Morris answered with a long, tortured explanation about when exactly he started to feel bad about what he was doing. “I changed my image of myself a long time ago,” he said.

By early 1982, Morris's moral gauge hit empty: he was not only corrupt but also desperate to conceal his corruption. Sometime in April, he was approached by two agents from the labor racketeering squad, Gerald Montanari and Leo Brunnick. They explained to Morris that they had begun to cultivate Brian Halloran, the Southie hoodlum, as a potential informant. The two agents had come to Morris to ask him what he thought of Halloran's suitability as a CI (confidential informant). In the course of this debriefing, Montanari and Brunnick also revealed to Morris that Halloran was claiming that he had been offered the contract to murder Roger Wheeler, owner of World Jai Lai, by Bulger and Flemmi, and that he had turned it down.

Mention of the Wheeler murder jangled Morris's nerves. Wheeler had been gunned down in Tulsa, and local and state police in Oklahoma had already traced a link to Boston. The investigator in charge—an aggressive Oklahoma state policeman named Mike Huff—had contacted Boston FBI with questions about Bulger, Flemmi, et al. As the FBI's liaison with the Oklahoma investigation, Morris had assigned John Connolly. It was Connolly's job to protect the FBI's prize informants.

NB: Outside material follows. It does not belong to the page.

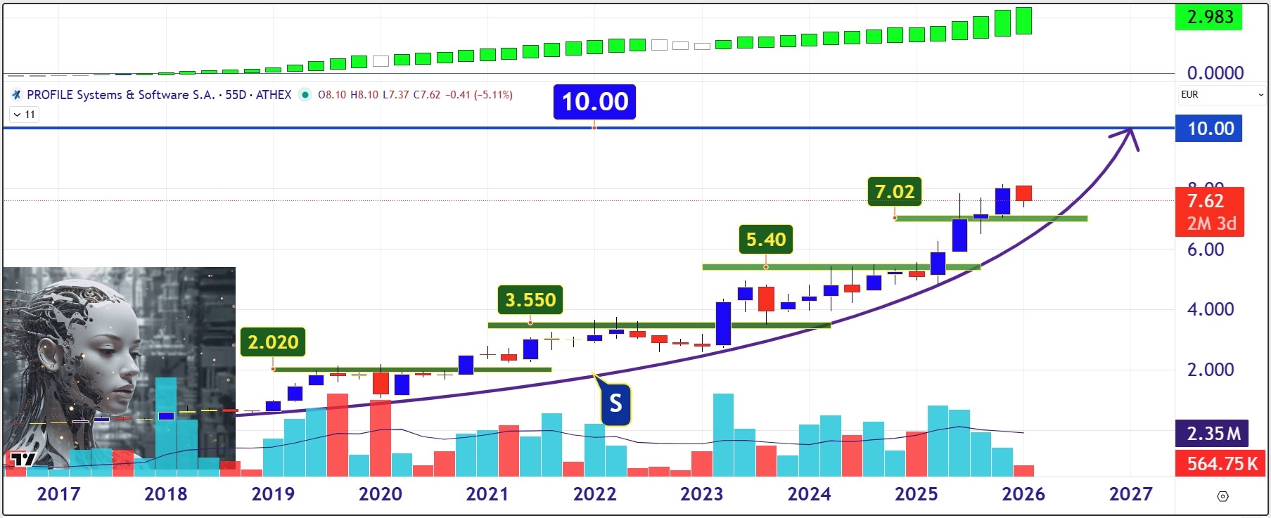 Από πλευράς διαγραμματικής ανάλυσης δεν έχω και πολλά πλέον να πώ μιας που εδώ και πολλά χρόνια ο δρόμος της ανόδου έχει χαραχτεί από τον μακροπρόθεσμο στροφέα "S” που μπορεί να φέρει τη τιμή της μετοχής πάνω από τα €10 και πρός τα €12.

In his conversation with the two agents, Morris was further alarmed to hear that it was their intention to wire up Brian Halloran and have him meet with John Callahan, the former president of World Jai Lai. Morris was aware that Callahan had quite possibly initiated the murder of Roger Wheeler. Any conversation between Halloran and Callahan, memorialized on a secret recording device, would be devastating to Bulger and Flemmi.

Not long after his conversation with Montanari and Brunnick, Morris was in his office when John Connolly entered. Connolly had been away from the office taking a master's course in public administration at Harvard University. Although Morris's conversation with Montanari and Brunnick had been confidential, Morris blurted out “spontaneously” to Connolly that
Halloran was being cultivated as a CI. Morris noted that Halloran was spilling the beans about the Wheeler murder and would imminently be used to gather potentially devastating evidence against Bulger and Flemmi via a wired-up conversation with Callahan.

Special Agent Connolly didn't need to be told more than once; he got the message. Within a matter of days, Connolly went directly to Bulger and told him that he had a potential problem he needed to take care of: Brian Halloran.

On the witness stand, Morris looked stricken. The deviousness of his former self was an unpleasant memory, like looking in the mirror and seeing something ugly, not the person you perceive yourself to be. Morris squirmed in his seat. He had testified in court about these facts many times over the last sixteen years, but that didn't make it any easier. Of all his many crimes, this may have been one that Morris, a Catholic, knew could result in the eternal damnation of his soul.

Asked Hank Brennan, “After you told Mr. Connolly about Mr. Halloran, you had another conversation with him, didn't you?”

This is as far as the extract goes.